Landan Giddy, Graur Dan
Department of Biology & Biochemistry, University of Houston, Houston, TX 77204, USA.
Pac Symp Biocomput. 2008:15-24.
The question of multiple sequence alignment quality has received much attention from developers of alignment methods. Less forthcoming, however, are practical measures for quantifying alignment reliability in real life settings. Here, we present a method to identify and quantify uncertainties in multiple sequence alignments. The proposed method is based upon the observation that under any objective function or evolutionary model, some portions of reconstructed alignments are uniquely optimal, while other parts constitute an arbitrary choice from a set of co-optimal alternatives. The co-optimal portions of reconstructed alignments are, thus, at most half as reliable as the uniquely optimal portions. For pairwise alignments, this irreducible uncertainty can be quantified by the comparison of the high-road and low-road alignments, which form the cooptimality envelope for the two sequences. We extend this approach for the case of progressive multiple sequence alignment by forming a large set of equally likely co-optimal alignments that bracket the co-optimality space. This set can, then, be used to derive a series of local reliability measures for any candidate alignment. The resulting reliability measures can be used as predictors and classifiers of alignment errors. We report a simulation study that demonstrates the superior power of the proposed local reliability measures.

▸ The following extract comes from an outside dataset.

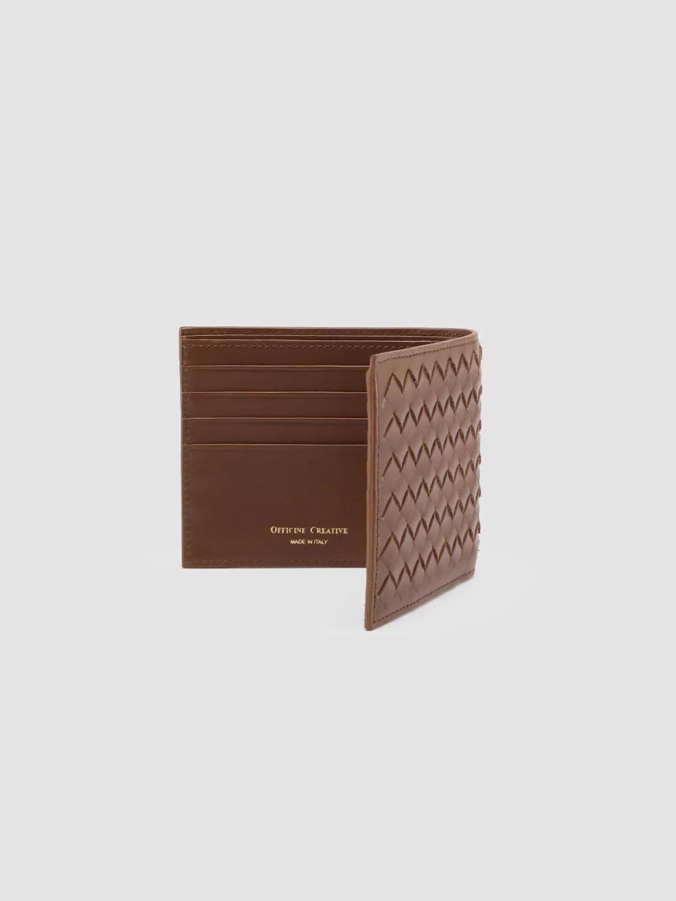 Our refined handcrafted Boudin brown leather bifold wallet is distinguished by a finely woven motif on the outside, while inside it reveals eight card slots, bill compartments and embossed gold-tone lettering logo.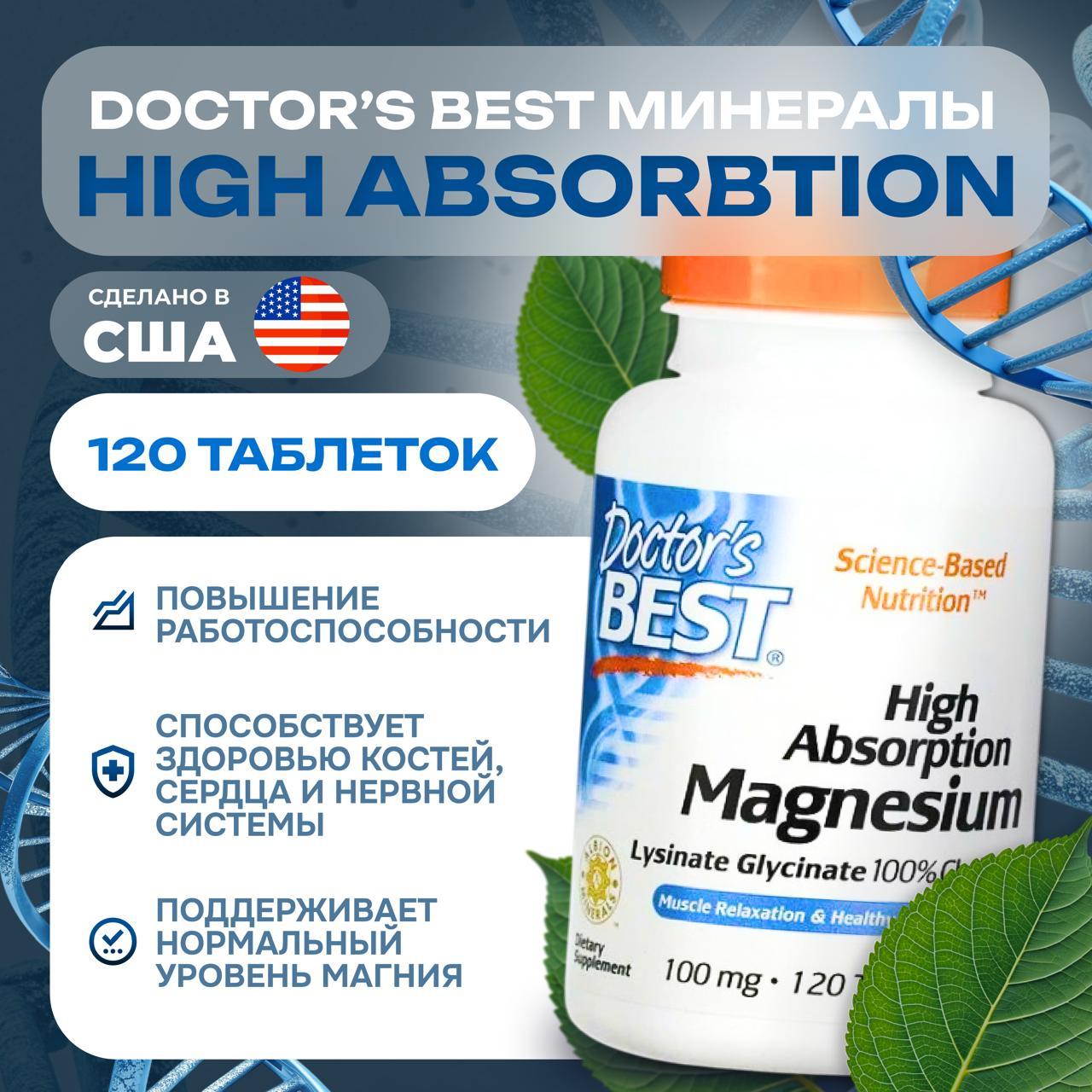 Doctor's Best, магний с высокой степенью усв...

多重序列比对质量的问题已经受到比对方法开发者的广泛关注。然而,在实际应用中,量化比对可靠性的实用方法却鲜有出现。在此,我们提出一种方法来识别和量化多重序列比对中的不确定性。该方法基于这样的观察:在任何目标函数或进化模型下,重建比对的某些部分是唯一最优的,而其他部分则是从一组共同最优的替代方案中任意选择的。因此,重建比对中共同最优部分的可靠性至多是唯一最优部分的一半。对于双序列比对,这种不可减少的不确定性可以通过比较高路比对和低路比对来量化,这两者构成了两个序列的共同最优包络。我们通过形成一组围绕共同最优空间的等可能共同最优比对,将这种方法扩展到渐进多重序列比对的情况。然后,这个集合可用于为任何候选比对推导一系列局部可靠性度量。所得的可靠性度量可作为比对错误的预测器和分类器。我们报告了一项模拟研究,该研究证明了所提出的局部可靠性度量的卓越能力。